The first and second pressure tanks are fixed together so that the upper surface of the upper cross-beams has a first locking means 35, for example a pneumatic twist-lock, and the lower surface of the lowest cross-beams has a second locking means 36, for example an ISO- corner, to receive the first locking means when the second pressure tank is placed on top of the first pressure tank. Cooperating locking means 73, preferably similar to the first locking means 35, are also arranged on the mounting frame, see fig. 8, to be able to lock the pressure tanks to the frame.

To facilitate transport and movement of the pressure tank, the protective frame consists of lifting rings 37 attached to the upper crossbeams.

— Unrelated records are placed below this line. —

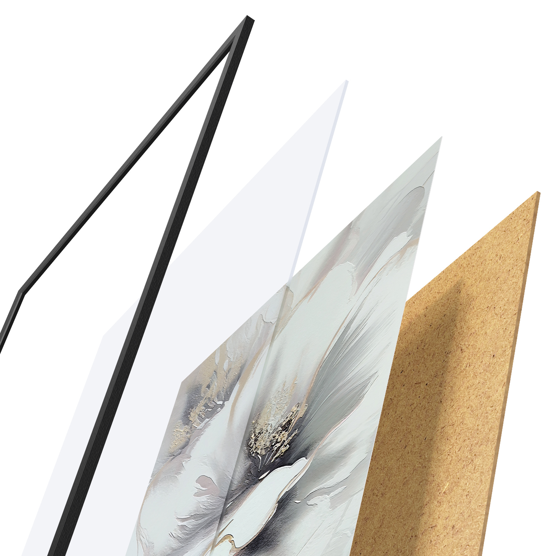 Il poster è composto da cornice, plexiglass, immagine stampata e supporto in truciolato. Il poster può essere immediatamente appeso alla parete grazie ai supporti sul retro.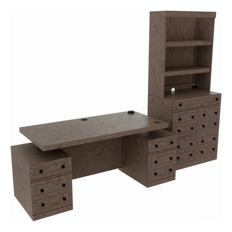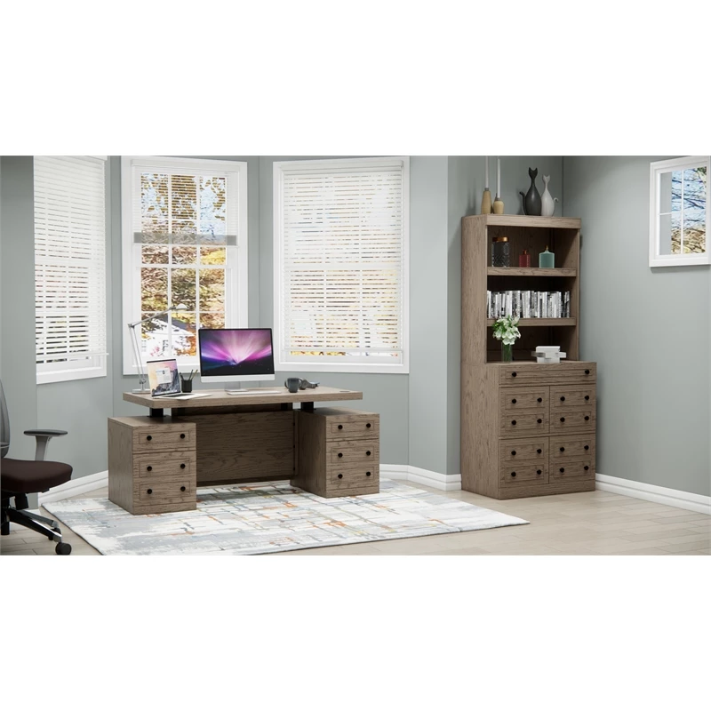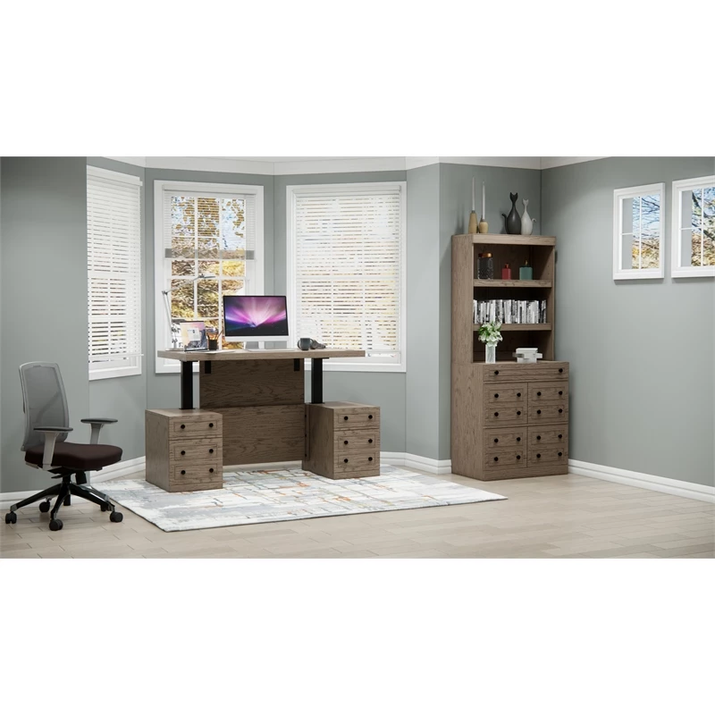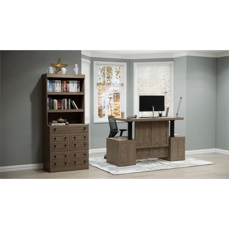 High function for working at home! RoomAndLoft Gray Windsor Sit-Stand Storage Desk with File Drawer Bookcase features clean lines with letter/legal file drawers and storage drawers handle it all! Discreet mechanism, multiple charging options, and stylish design make this desk ideal for any office. The matching file bookcase has four letter/legal file drawers and a wide box drawer, with adjustable shelving for books and manuals.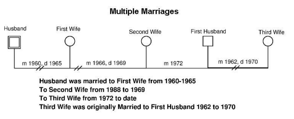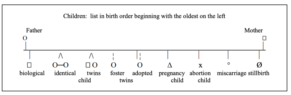 Examples and common symbols from Monica McGoldrick (2016) are shown below. They are also saved as one download on the downloads page.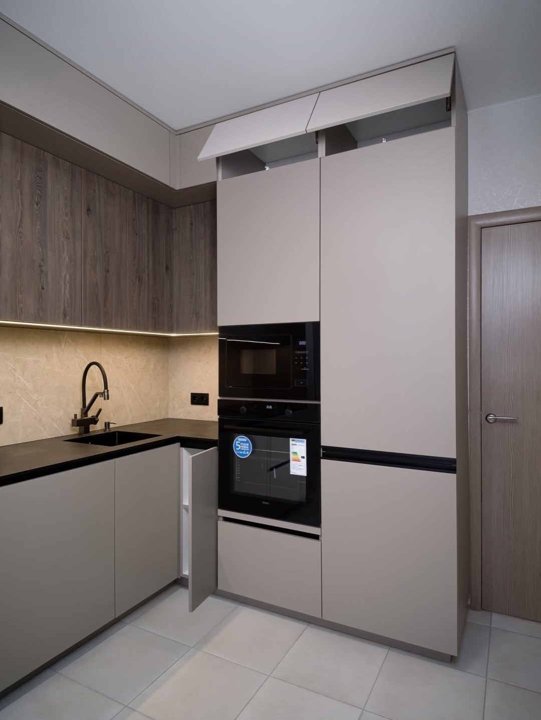 Лаконичная Г-образная кухня с акцентом на удобство и визуальную «чистоту». Сделали ровные плоскости без ручек, спрятали технику в высокие пеналы, добавили тёплое дерево в верхнем ярусе и подсветку по рабочей зоне — так кухня выглядит спокойной, но не холодной.

Furthermore, the pressure vessel 3 in the present pressure tank comprises a suction outlet 7 (or a first outlet 7), and a ventilation/relief outlet 9 (or a second outlet 9).

The suction outlet 7 is for liquid withdrawal from the pressure vessel 3, and is arranged in the lower end piece 28 of the pressure vessel. The suction outlet 7 is fluidly connected via a tank suction line 8. A pneumatic activator-driven valve 40 is arranged between the suction outlet 7 and the tank suction line 8 to the tank. The valve 40 acts as a liquid barrier. The suction line is arranged in a similar way to the tank process line 6 with a first fluid connector 13 and a second fluid connector 38 at the lower cross beam 34 and the upper cross beam 33 respectively. The second fluid connector 38 to the first pressure tank 1's suction line 8 is able to be connected with a first fluid connector 13 to the suction line 8 to a second pressure tank 1, in a similar way as described above for the tank process line. When they are not connected, the first and second fluid connectors 13, 38 to the tank suction line 8 act as a secondary fluid barrier during, for example, transport.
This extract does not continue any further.